Montauk Community Rallies for Robbie Badkin, aka ‘Robbie the Welder’

Working on Robbie Badkin’s Napeague home.
Working on Robbie Badkin’s Napeague home. Photo credit: Courtesy David Elze

That a good man can face hard times is not new or unusual, but seeing an entire community pull together for him is extraordinary. Napeague resident Robbie Badkin has been on the receiving end of such an outpouring of support from his tight-knit community when they realized that his mold-riddled house was making him sick.

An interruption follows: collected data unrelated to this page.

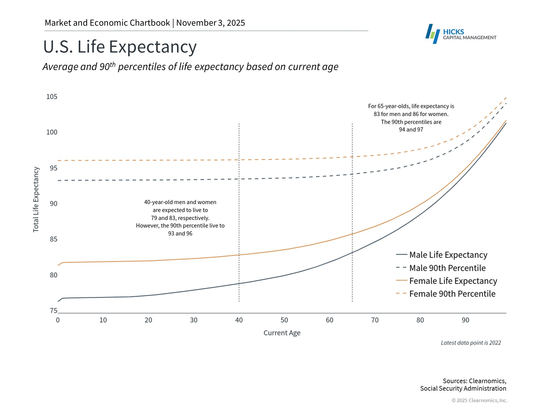 Just as gains can compound over time, so do losses if the purchasing power of a portfolio does not keep up with inflation. This is even more important today since retirees must also plan for the possibility of living longer than previous generations. This means that life expectancy is an important input to any financial plan.According to the latest Social Security Administration data, 40-year-old men and women have an average life expectancy of 79 and 83, respectively. However, for those who make it to 65 years of age, their life expectancies increase to 83 and 86. These are just averages - those in the 90th percentile could live to 94 and 97, respectively.While the opportunity to enjoy a longer, healthier retirement is a wonderful development over the past century, the difference between a 20-year retirement and a 30-year or longer retirement has dramatic implications for portfolio construction and withdrawal strategies. This is sometimes known as “longevity risk,” a challenge that is asymmetric since running out of money during retirement is far more problematic than leaving assets to loved ones or charitable causes.So, while many prioritize income-generating investments like bonds when it comes to retirement planning, it’s also important to maintain growth-oriented assets like stocks. It also creates financial challenges that make thoughtful planning even more valuable. Understanding how to structure portfolios for multi-decade retirement periods, while managing withdrawal rates and adapting to changing market conditions requires expertise that goes well beyond simple rules of thumb.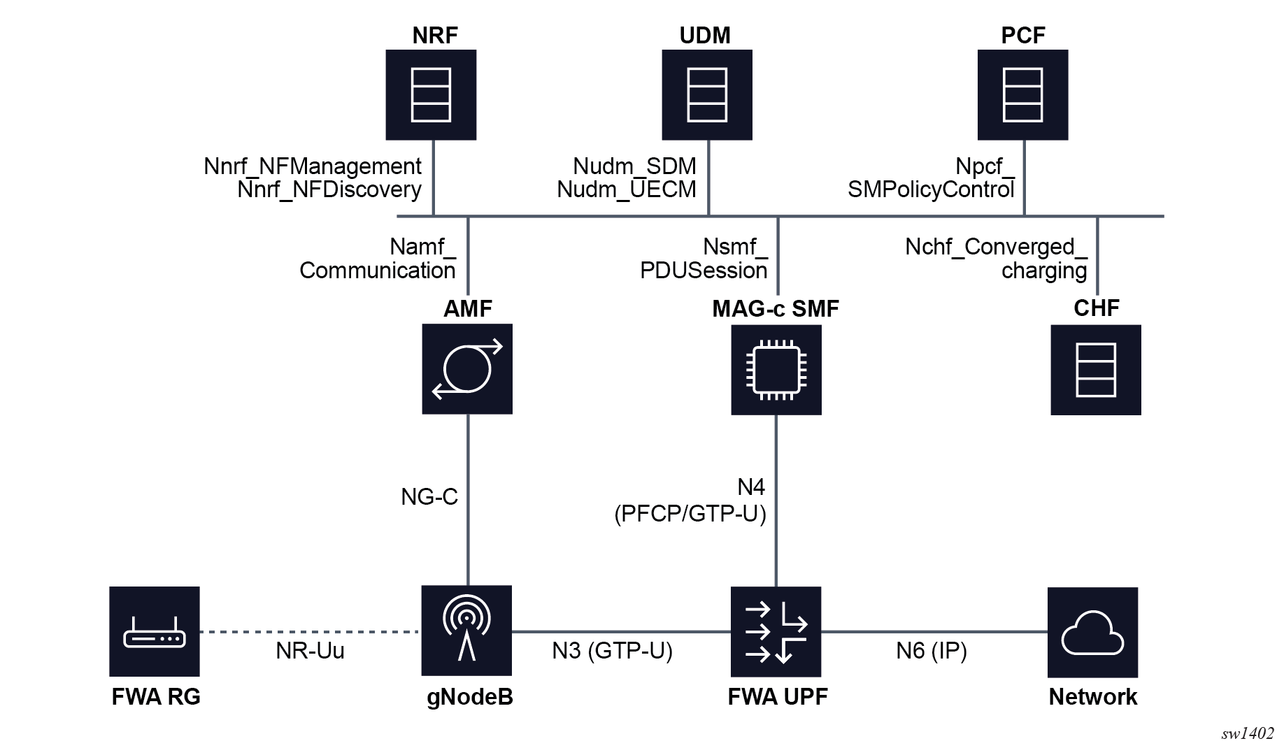 In general, any consumer can consume a service, subject to access control. This allows for easy extensibility and re-use. Examples of this are the Nnrf_NFDiscovery and Nnrf_NFManagement services, both of which are served by the NRF. These services are used by other NFs to discover other NFs and register themselves for discovery respectively. For this reason, a 5G core architecture is often presented in an alternative form where the focus is not on interfaces such as shown in Basic 5G FWA network but on the provided services. An example of such a representation is shown Basic 5G network with service representation. This representation also makes it clear that the SBA is focused on the control plane functions.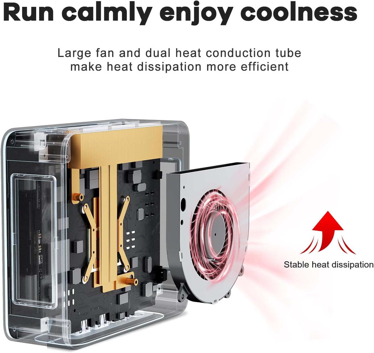 Efficient Cooling System & WIFI 6This mini pc is designed with cooling fan and dual heat conduction tube to provide efficient cooling for CPU and machine.It is also equipped with WIFI 6 which is about 3 times faster than WiFi 5 lower latency Bluetooth5.4 more stable and efficient to connect to multiple wireless devices and RJ45 2.5G network connectivity to enjoy smooth traffic and low latency.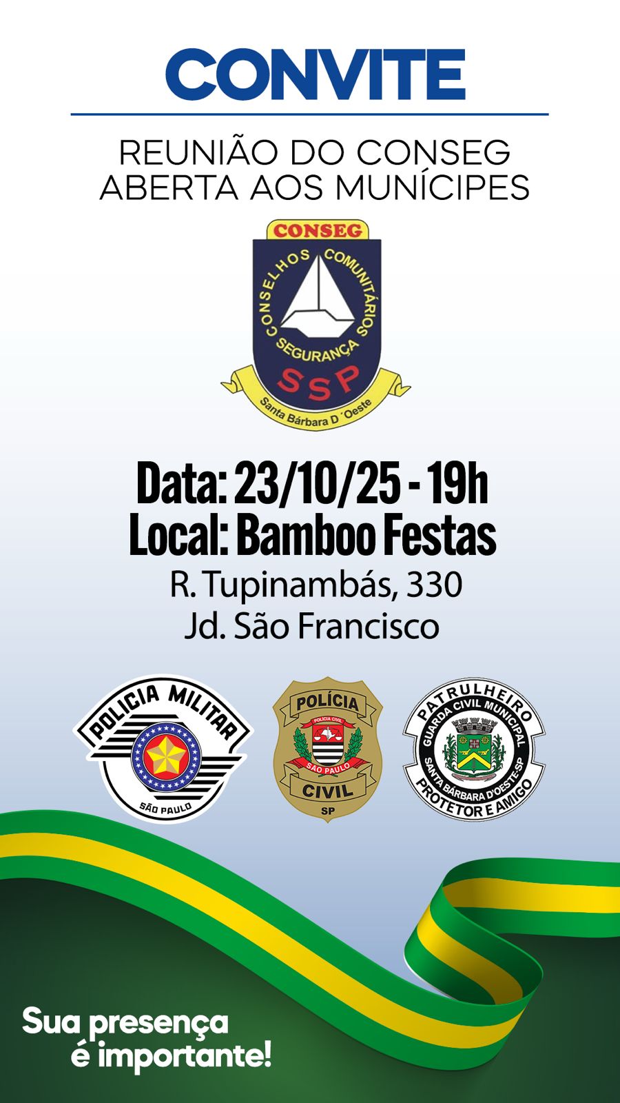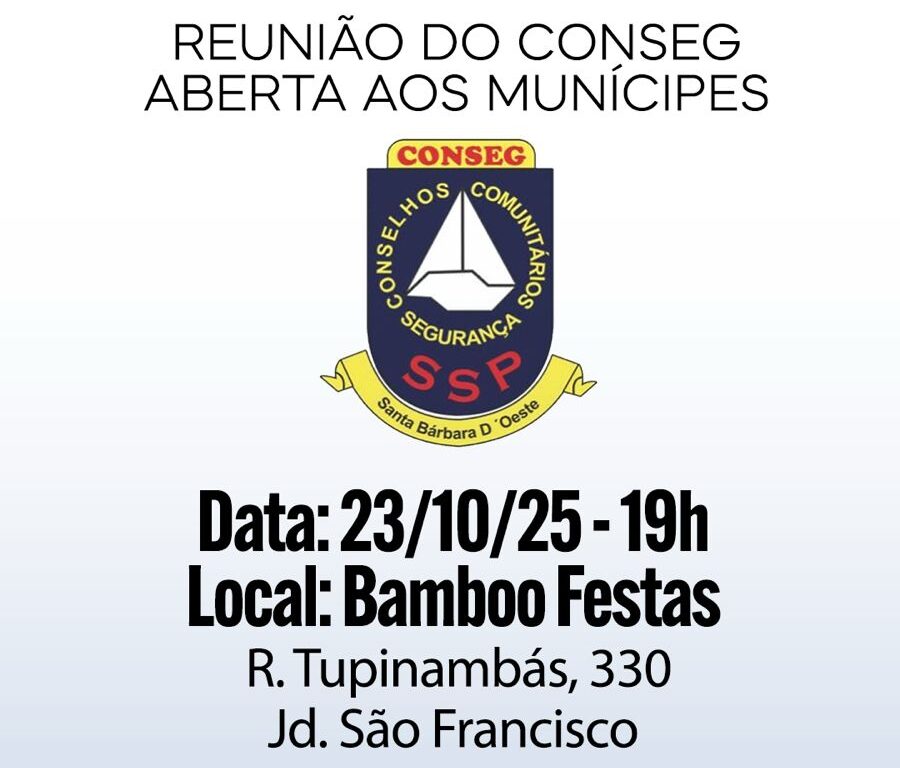 A próxima reunião do Conselho Comunitário de Segurança (CONSEG) de Santa Bárbara d’Oeste será realizada nesta quinta-feira (23), às 19h, no Bambu Festa, localizado no bairro São Francisco. O encontro é aberto ao público e tem como objetivo aproximar a comunidade das forças de segurança do município.

Badkin, welder, artist, philosophical soul, known to all in Lazy Point and Montauk, developed a blood infection that led to Acute Respiratory Distress Syndrome earlier this year, sending him to the hospital where doctors put him in an induced coma. Doctors were skeptical he would pull through. During this time, his family learned that Badkin’s home in Lazy Point was filled with black mold. There were financial issues, too—the kind a lot of good people have found themselves facing.

Robbie’s nephew, David Elze, a local architect and artist, established a GoFundMe page to raise support for Robbie. He set a goal of $10,000, which he hoped would be enough to make repairs to Robbie’s house. That original goal was met in two days.

But as Elze soon learned, the damage to the house and the financial problems were more extensive. With a new goal of $25,000 in place, over $19,500 has been raised as of this writing. And, donations of labor and supplies have poured in. Robbie’s house is being restored by crews of volunteers, people who are coming to work on his Lazy Point cottage after putting in a full day’s work elsewhere. The volunteers include Amagansett musician Matthew Schmitt. Schmitt’s twin brother suffered a traumatic brain injury at a job site, but Schmitt has found time to “drop everything to help without hesitation,” Elze said, “without complaint.” Local businesses like Riverhead Building Supply, Blackman Plumbing, Sag Harbor Village Hardware, Hildreth’s of Southampton and others have donated building materials to rebuild Robbie’s home. Other local donors include Paul Forsberge of the Viking Fleet and Henry Uhlein of Uhlein’s Marina. Everyone helped, because everyone knew Robbie. The local attitude is, “of course, you know Robbie. You’re from Montauk.”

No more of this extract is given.